Remember to break the tab of the bronze side off if you are doing a split receptacle too. One side should be always hot, and the other controlled by the switch. Keep them consistent.


----------



## jlsconstruction (Apr 26, 2011)




----------



## 480sparky (Feb 1, 2009)

jlsconstruction said:


> View attachment 101315
> 
> 
> 
> ...


You don't need a red for the feed.... just between the receps. 14/2 in, 14/3 daisy-chained, and 14/3 to the switch.


----------



## jlsconstruction (Apr 26, 2011)

480sparky said:


> You don't need a red for the feed.... just between the receps. 14/2 in, 14/3 daisy-chained, and 14/3 to the switch.

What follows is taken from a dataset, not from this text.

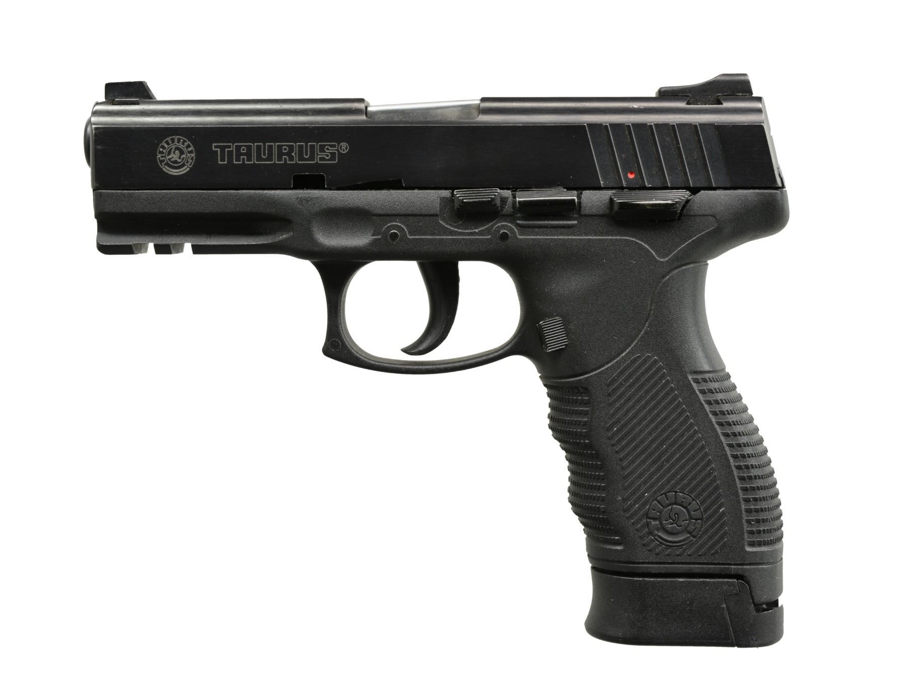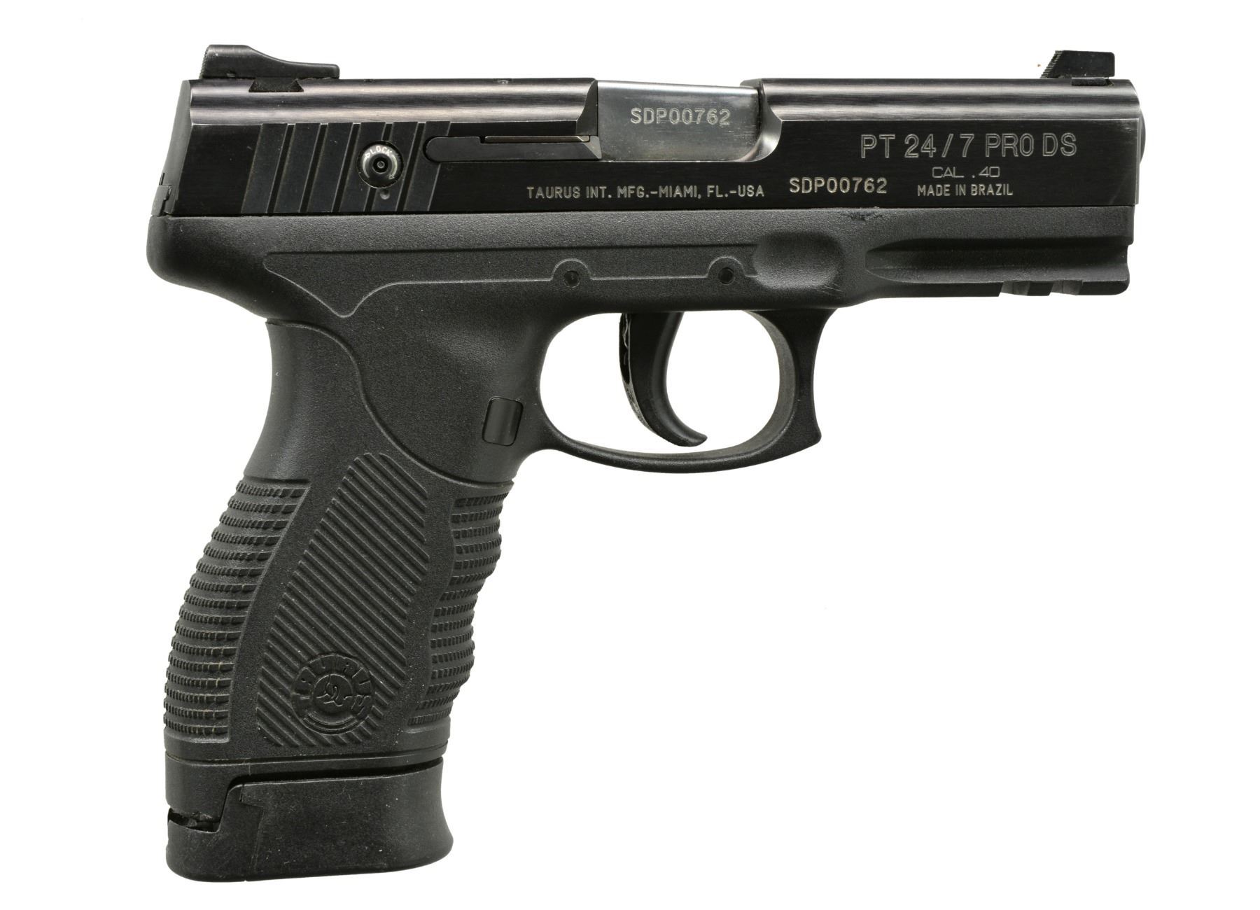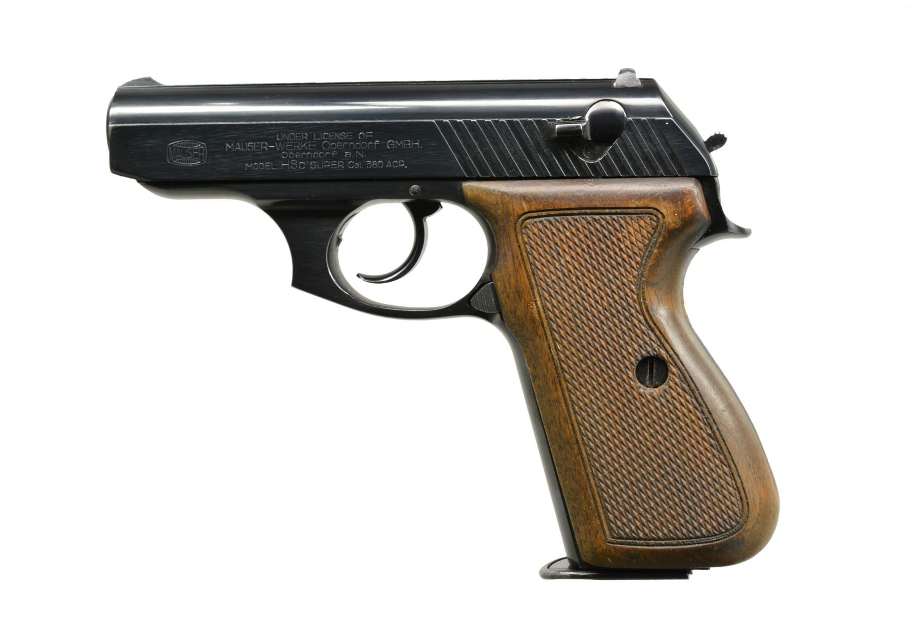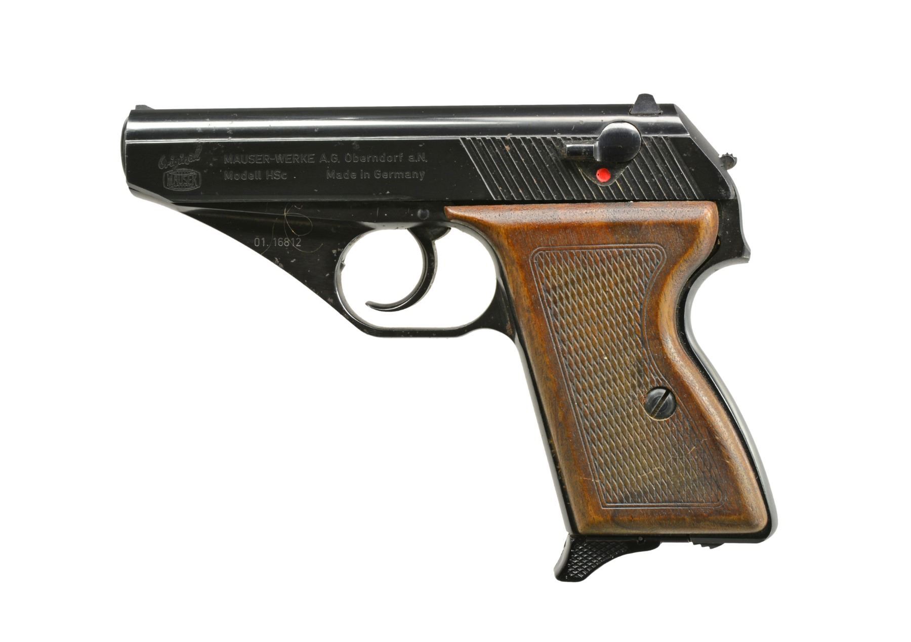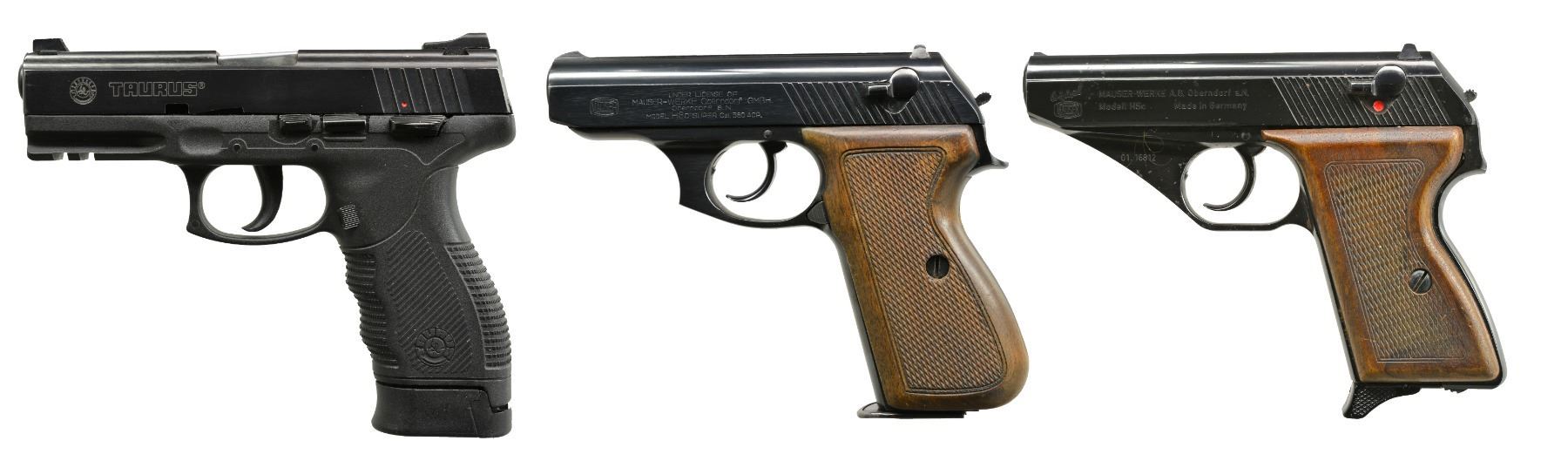 1) TAURUS MODEL PT 24/7 PRO DS. Cal. 40 S&W. S# SDP00762. Bbl. 4 1/4". Mfg. in Brazil w/ black polymer frame having grooved finger groove grip & accessory rail. Matching numbered frame, blued slide & bbl. Square profiled slide w/ dovetailed 3 dot fixed sights & key lock in right cocking grooves. Striker fired in SA mode yet if it fails to fire, firing pin can be reactivated w/ DA trigger pull. Frame mounted thumb safety. MAGS: 1 blued factory 15 rd. w/ finger extension base. CONDITION: very faint high point wear near muzzle. All other aspects near excellent. (20-582/NW). 2) RENATO GAMBA MODEL MAUSER HSc SUPER. Cal. 380 ACP. S# 03425. Bbl. 3 1/2". Mfg. 1982 in Gardone Italy under license of Mauser & imported by Navy Arms. Modern update of original HSc incorporating push button mag. release & high capacity functioning. Fixed front sight & drift adj. rear. Slide mounted safety. MAGS: 1 very good blued 15 rd. w/ "ARG" marked body & Mauser banner push button floorplate. CONDITION: hint of high point slide wear near muzzle; all other aspects including bore & grips near excellent. (20-583/NW). 3) MAUSER MODEL HSc. Cal. 9mm Kurz (380 APC). S# 01-16812.Bbl. 3 3/8". Mfg. 1970 & imported by Interarms. Blued w/ matching numbered slide having side safety plus sighting trough w/ fixed front sight & drift adj. rear. Checkered hard wood grips. Bottom mag. release. MAGS: 1 good Mauser banner marked 8 rd. w/ black plastic finger extension base. CONDITION: scattered peppery oxidation plus faint high point wear at front of slide. Hand worn grips; especially bottom rear of left. Near excellent bore. (20-584/NW). ALL MODERN. $650-900.

Yeah as soon as I drew it I thought that, but crayon doesn't erase


----------



## Spencer (Jul 6, 2005)

Well, looks like I screwed up. I ran 12/2 in for feed. 12/3 between receps. And 12/2 from the last recep to the switch. 

Is it possible if I've only got 12/2 running from last outlet to the switch? Looks like I may just have regular outlets...


----------



## griz (Nov 26, 2009)

jlsconstruction said:


> Yeah as soon as I drew it I thought that, but crayon doesn't erase


:whistling :whistling:whistling :laughing:


----------



## tyb525 (Feb 26, 2013)

I think you can do that, but you will have to use the white as power to/from the switch, which may or may not be against code. I'd mark it with black tape. The switch doesn't need a neutral


----------



## jlsconstruction (Apr 26, 2011)

Spencer said:


> Well, looks like I screwed up. I ran 12/2 in for feed. 14/3 between receps. And 12/2 from the last recep to the switch.
> 
> Is it possible if I've only got 12/2 running from last outlet to the switch? Looks like I may just have regular outlets...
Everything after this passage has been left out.